Prime Minister Liz Truss lifts fracking ban to deal with energy crisis
New Prime Minister Liz Truss has reversed the ban on fracking as part of her plan to tackle the energy crisis.
Speaking in Parliament, the prime minister said the ban on shale gas production would be lifted in England, meaning production could begin in as little as six months.
The ban had been introduced in 2019 following concerns over a series of earth tremors in Lancashire, by green groups and locals.
Ms Truss told the House of Commons: “We will end the moratorium on extracting our huge reserves of shale – which could get gas flowing as soon as six months – where there is local support for it.”
The energy firm Cuadrilla, which owns the two fracking wells at Preston New Road in Lancashire, had previously been ordered to plug the wells by 30 June.
Liz Truss unveiled her new energy package which means the average UK household will pay no more than £2,500 per year.
The measures will come into effect from 1 October and stay in place for two years.
The package includes the launch of a new oil and gas licensing round, which is expected to lead to more than 100 new licences for fossil fuel extraction from the North Sea.
Labour leader Sir Keir Starmer warned it would not cut bills or strengthen energy security, but would “drive a coach and horses through our efforts to fight the looming climate crisis”.
Russia's invasion of Ukraine pushed energy prices and security to the top of the agenda, prompting calls for the Government to rethink the fracking ban.
In an interview during her campaign to become Prime Minister, Liz Truss said: "I support exploring fracking in parts of the United Kingdom where that can be done."
The Prime Minister's press secretary said: "She made clear her position during the campaign but I'm not going to get into what's in this energy package."
He insisted that the Tories 2019 manifesto - which said they will not support fracking unless the science shows categorically that it can be done safely - still stands in full.

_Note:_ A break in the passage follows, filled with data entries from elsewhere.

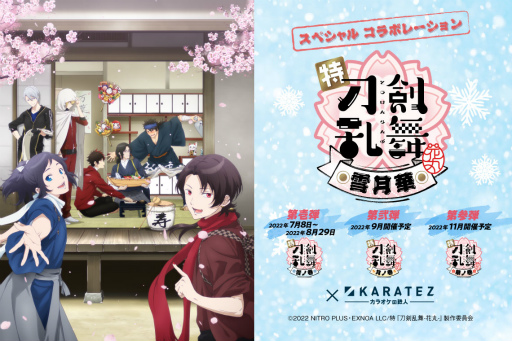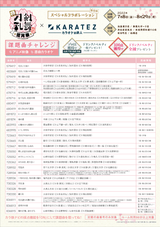 株式会社鉄人化計画(所在地:東京都目黒区、代表取締役社長:根来拓也)は、当社が運営する「カラオケの鉄人」の首都圏6店舗において、三部作連続劇場上映のアニメ「特『刀剣乱舞-花丸-』〜雪月華〜」とのコラボレーションキャンペーン(以下「コラボ」)を、2022年7月8日(金)より開催します。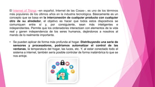 El documento habla sobre el Internet de las Cosas. Es un concepto que se basa en la interconexión de cualquier producto con cualquier otro, con el objetivo de hacer que los dispositivos se comuniquen entre sí y sean más inteligentes e independientes. Algunos ejemplos de cómo ya se usa incluyen la automatización del hogar, el control de infraestructura urbana y ambiental, y el sector de la salud.
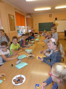1 października podczas krótkiego apelu wszystkie dziewczynki zaśpiewały naszym małym mężczyznom STO LAT! Zastępczyni przewodniczącego SU poczęstowała z tej okazji wszystkie dzieci czekoladowymi cukierkami.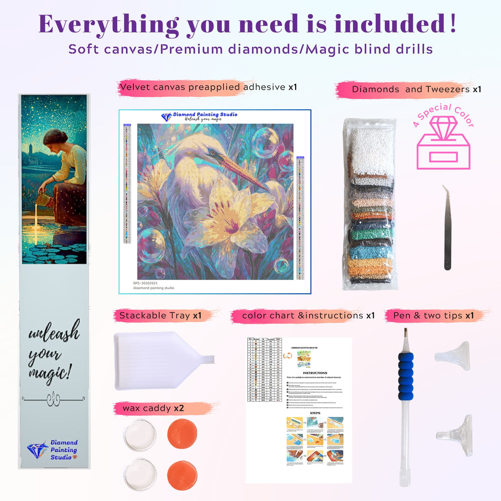 This diamond painting kit features a majestic egret surrounded by stunning rainbow lilies . Just look at its gleaming white feathers!It’s the perfect project for anyone who loves nature and wants to create a truly tranquil masterpiece.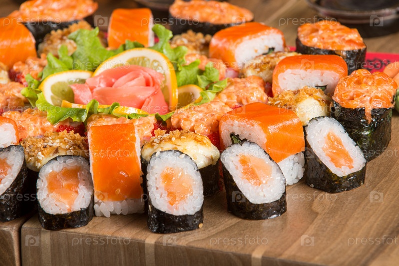 Крупный план суши на деревянной тарелке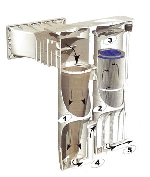 1-Cuve de pré-filtration 2-Cuve de filtration 3-couvercle avec soupape double effet brevetée 4-Circulation de l'eau 5-Raccordement a la pompe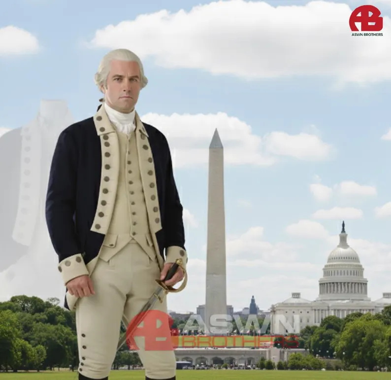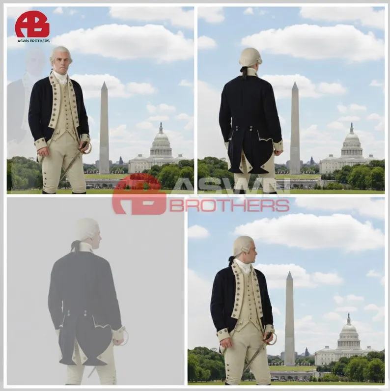 Perfect for historical reenactments, theater productions, museum displays, or period fashion collectors, this uniform represents the noble style and spirit of the late 18th century. Its blend of craftsmanship, authentic fabrics, and fine detailing makes it a timeless statement of heritage and honor.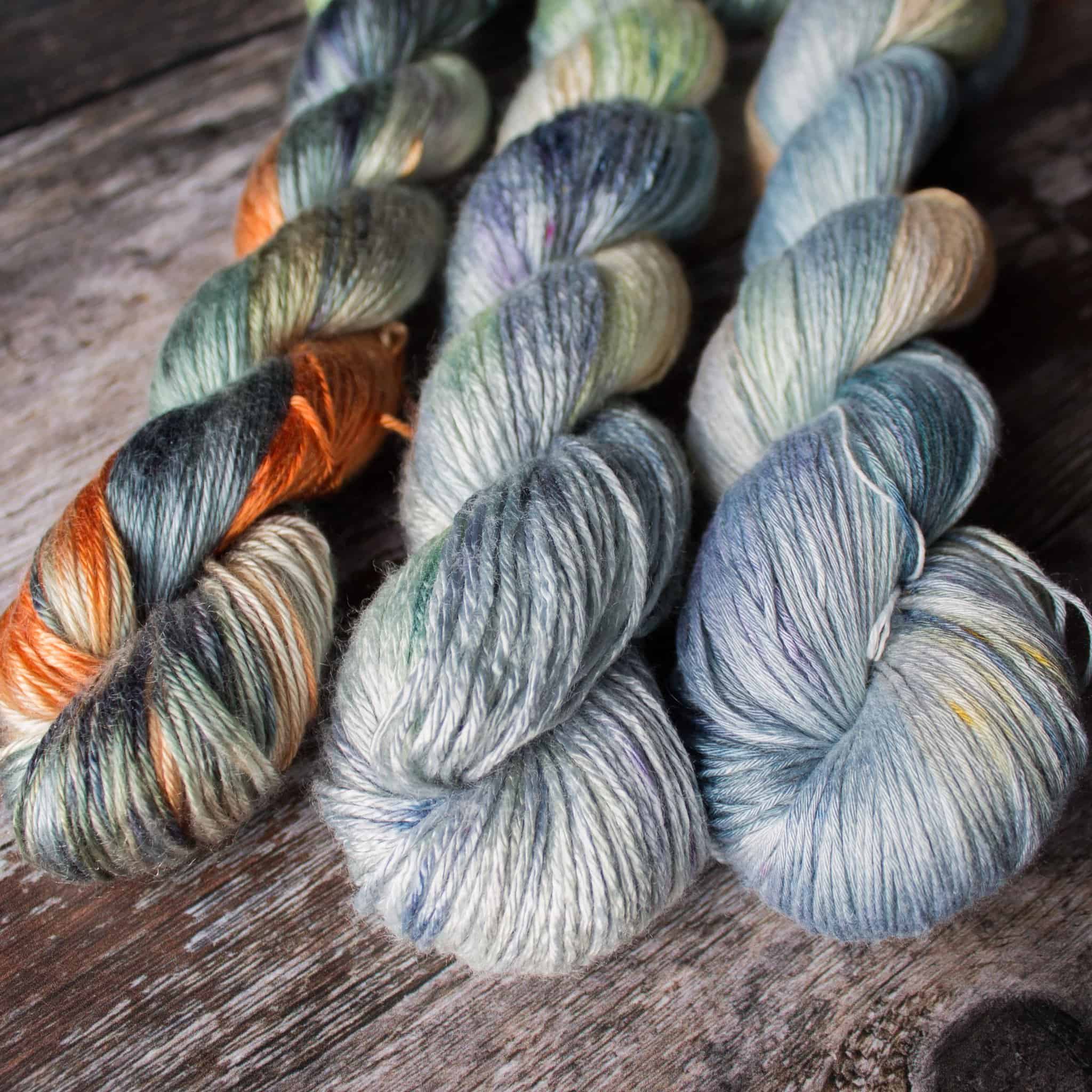 Featured first is our Scary Season Socktober set, which will be a small batch. I wanted to convey mossy tombstones and rusty hand railings — so amidst the gray and dark dominant colors, we have mossy green and rusty oranges. We have two Librarian Sock with Minis, one Companion 4-ply with Lib Sock Mini, and two Hardy DK.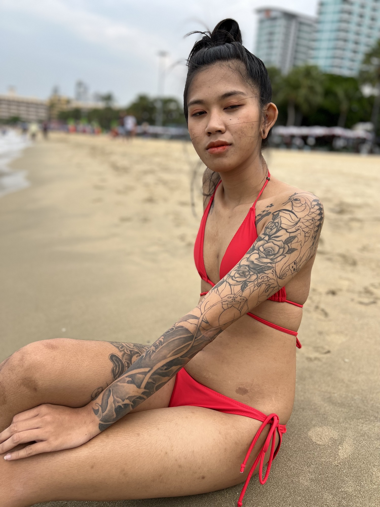 You are on vacation in Asia and while walking towards the beach, you spot a super skinny lady with a lot of tattoos and high heels. For sure a bargirl. Turns out she is alone and walking to the sea. There she takes out her clothes to show off her red bikini. You walk towards her asking if you could make a few pictures of her. She likes that and starts to pose for you, laying down in the sand and walking sexy. Something is in the air and you need to take full advantage of the situation. Her name is Fat, she is a 19yo bargirl having her day off. You ask her if she would like to make some more pictures in your hotel room and of course she knows what you’re hoping for. She gladly accept and you both take a motorbike taxi to your place. It’s there where the real party starts with her giving you a little dance and gladly helping you to take off your pants. This was just meant to be and you are getting a good bargirl treatment , fucking her in different positions. When you come, she wants you to come in her mouth for her to drink it and enjoy!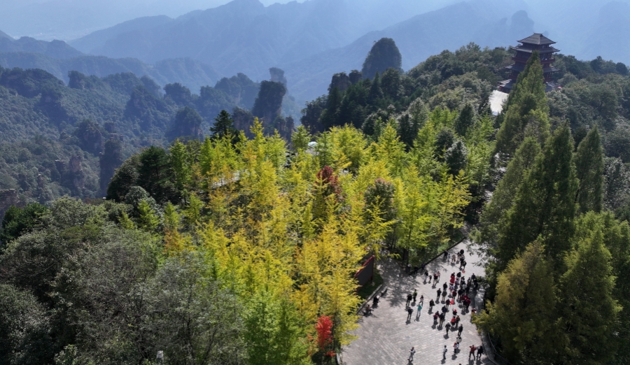 10月23日,游客在张家界国家森林公园天子山景区游览。深秋时节,多姿多彩的天子山、宝峰湖等景区,吸引众多游客前来观赏。当地文旅部门结合节气特色推出生态康养等主题线路,为游客提供丰富多样的秋季旅游体验。 吴勇兵 摄(湖南图片库)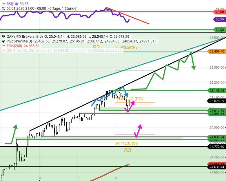 -Steigt der DAX heute erneut, so hat er für heute die Ziele 25150, 25200 (9-10 Uhr wegen Eindämmungslinie schwarz) und 25275/25280 (ca. 22 Uhr wegen Eindämmungslinie schwarz), maximal aber 25409 (wegen Pivot R3 des Tages).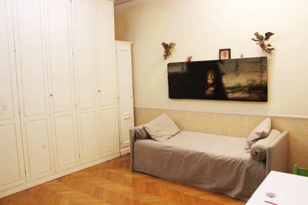 4х-комнатная квартира на втором этаже престижного дома с консьержем и изящным портико, общей сложностью 124 м2 при высоте потолков 3.5 м. Расположенная в близости к Центральному вокзалу и к центральной части города ( между via Melchiorre Gioia и Viale Lunigiana). Квартира состоит из двойной гостинной (диванная зона и обеденная), большой спальни и детской, ванной комнаты с санузлом и кухни. В частной собственности есть также оборудованная комната для гардероба на чердаке и подвал (кантина). Во всех комнатах – паркет. Оборудована паровым отоплением. Есть лифт.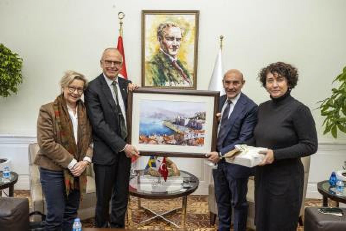 İzmir Büyükşehir Belediye Başkanı Tunç Soyer, İsveç’in Ankara Büyükelçisi Staffan Herrström’ü makamında ağırladı. Ziyarete İzmir Büyükşehir Belediye Başkanı Tunç Soyer’in eşi Neptün Soyer, Büyükelçi’nin eşi Karin Herrström, İzmir Büyükşehir Belediyesi Başkan Danışmanı Onur Eryüce, İstanbul Başkonsolosluğu İkinci Kâtibi Björn Jönsson ve siyasi müşavir Serkan Taş katıldı. İzmir’e ilk kez geldiğini ifade eden Büyükelçi Staffan Herrström “İzmir söylendiği kadar güzel bir şehirmiş. Sizlerle hem siyasi hem de kültürel açıdan ilişkilerimizi güçlendirmek adına iş birliği yapmaya hazırız” dedi.

However he added: "I'm not going to get into what's in the energy statement tomorrow."
Francis Egan, chief executive of energy company Cuadrilla, which has fracking operations in Lancashire, welcomed the lifting of the moratorium.
He said: “A thriving shale gas industry will drive job creation across the North of England, generate much-needed tax revenues for central and local government, and benefit local communities financially.
“The Government has made the right call, and we look forward to working with them to ensure this industry can start generating results as soon as possible.
“The prize if we get this right will be an energy strategy fit for the 21st century that provides security of supply, economic prosperity, and vital support to the British public,” he said.
Opposition and Conservative MPs have questioned why a practice deemed "unviable" three years ago should be reconsidered now.
Lancashire Conservative MP Mark Menzies, whose constituency in Fylde is affected, previously told the House of Commons he recognised the need to end the reliance on overseas fossil fuels but told the Commons: "Fracking is not a solution."
What is fracking?
Fracking, or hydraulic fracturing, is a process whereby liquid is pumped deep underground at high pressure to fracture shale rock and release gas or oil trapped within it.
Environmentalists also warn that pursuing new sources of gas - a fossil fuel - is not in line with efforts to tackle climate change, and focus should be on developing cleaner sources of energy such as renewables.
Two senior advisers, the heads of the Climate Change Committee (CCC) and the National Infrastructure Commission (NIC), have warned that UK gas reserves are too small to make a difference to consumer energy costs, which are set by international gas prices.
CCC chairman Lord Deben and NIC chairman Sir John Armitt said in a letter to the new PM that the UK cannot address the crisis over soaring energy prices solely by increasing production of natural gas.
In the letter they said: "Greater domestic production of fossil fuels may improve energy security, particularly this winter.
"But our gas reserves - offshore or from shale - are too small to impact meaningfully the prices faced by UK consumers.Friends of the Earth campaigner Danny Gross said: "Fracking is disruptive, unpopular and will do little to boost energy security or bring down bills."Fossil fuels are at the root of so many of the problems we currently face.
"We need clean, modern solutions to the energy and climate crises.
"That means insulation, energy efficiency and developing cheap renewables like onshore wind and solar."